Review 561 : Nine Treasures – Awakening from Dukkha – English

Nine Treasures makes a clean sweep of the pase with Awakening from Dukkha.

This fourth album allows Askhan Avagchuud (vocals/guitar, Suld), Tsog (Morin khuur/vocals), Orgil (bass/vocals), Saina (balalaika/vocals) and Namra (drums) to celebrate the band’s tenth years with re-recordings and rearranged songs from their Mongolian Folk Metal discography.

Askhan Avagchuud, the band’s leader and founder, stated he is not satisfied anymore with the previous recordings, and his detail’s meticulousness made him think about this “best-of” album as a reborn for the band. But if you already know the songs as I do, take time to listen to those enriched versions.
Aside of seizing and exotic folkloric instruments, the band can count on a very solid rhythmic and unusual but very catchy throaty mongolian vocals, as the energetic Black Heart unveils us. Quite Old School Death/Thrash Metal elements are also here, as on the break, but also into Arvan Ald Guulin Honshoor’s sharp riffs, on which melodies are based. We notice some catchy languor on Fable of Mangas, coupled to those Folk sonorities, but also Nomin Dalai’s energy or heady accessible tones on Tes River’s Hymn, a song on which the instrumental part perfectly links the two universes, but also the melancholy developed by the hooking Ten Years, a heavy song.
The band unveils us this part of their culture that sounds so distant with the airy The Dream About Ancient City, a magical and mesmerizing instrumental song, then we go back to raw energy with Praise for Fine Horse, a jerky song that breaks the codes we know.

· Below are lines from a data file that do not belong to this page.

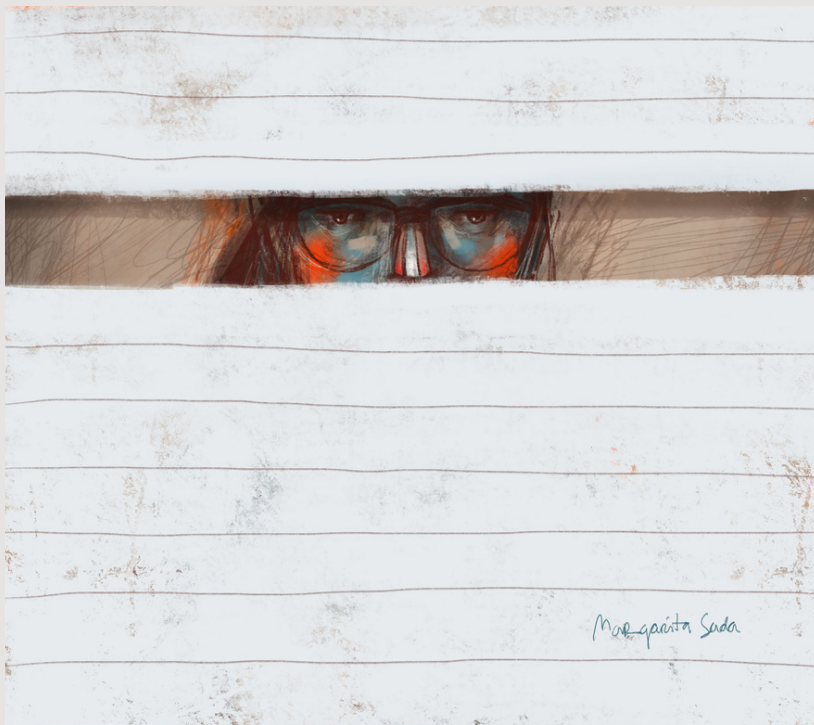
"Ventana de Papel" . Ilustración de Margarita Sada.

A partir de 2018 Margarita es integrante del Sistema Nacional de Creadores de Arte, FONCA con el proyecto de producción de su primer novela gráfica.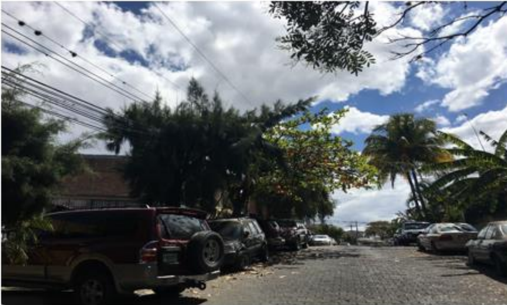
VISTA DE LA CALLE DONDE SE DESMONTARÁ EL ADOQUÍN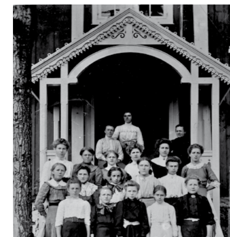
På trøndelåna uttrykker sveitserstilen seg med fint dekorerte verandaer og inngangspartier, som her på prestegården i Rennebu i 1912.

trønderske byggeskikken. "Svevende" tak med store takutstikk, båret av profilerte raftsperrer og hanebjelker, utskjæring og dekor i gavl, på vindskibord og møne. Løvsagerarbeid på inngangsparti og profilert listverk lever sitt eget liv som "spindelvevsnett" utenpå bygningskroppen.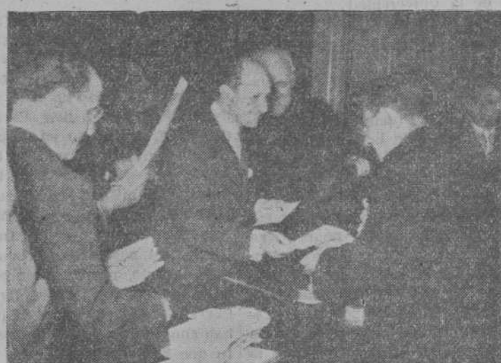
El alcalde de Madrid, conde de Mayalde, hizo entrega a los párrocos de la capital del resultado recaudado para la Campaña de Navidad destinado para los necesitados en los suburbios.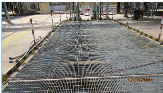
ภาพถ่ายที่ 2.2-11 Process Wastewater Sump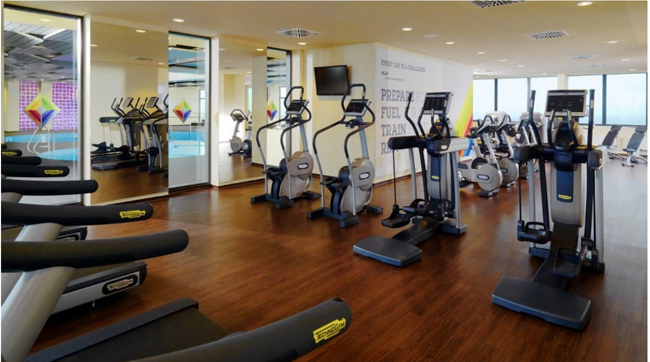
Fitnessstudio für Mieter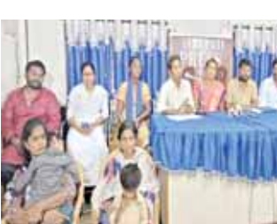
మాట్లాడుతున్న పోరాట కమిటీ సభ్యులు

అధికారుల నిర్లక్ష్యంతోనే భూ కబ్జా అవతారం.... పేదలందరికీ ఇళ్ల స్థలాలు మంజూరు చేసే వరకు మ పోరాటం ఆగదు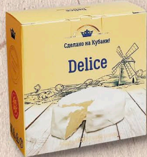
DELICE ВОСТОРГ 50%, коробочка 100г., 125г.

The End of the World offers shrilling tones while staying quite calm, creating a seizing contrast on which we immediately want to nod, then Wisdom Eyes reconnects with calm and accessible parts on which folkloric instruments and backing vocals add a special flavour. Stubborn meet energetic riffs and fast paced tempo again for a very catchy song, then Three Years Old Warrior comes to close the album with the band’s very own melting, that easily catches us into their universe.

It’s been already ten years that Nine Treasures offers its music to the world. Awakening from Dukkha is both a new beginning for the band, but also a way to show what they’re able to do, which means a seizing melting between solid Death/Thrash and mesmerizing Mongolian Folk.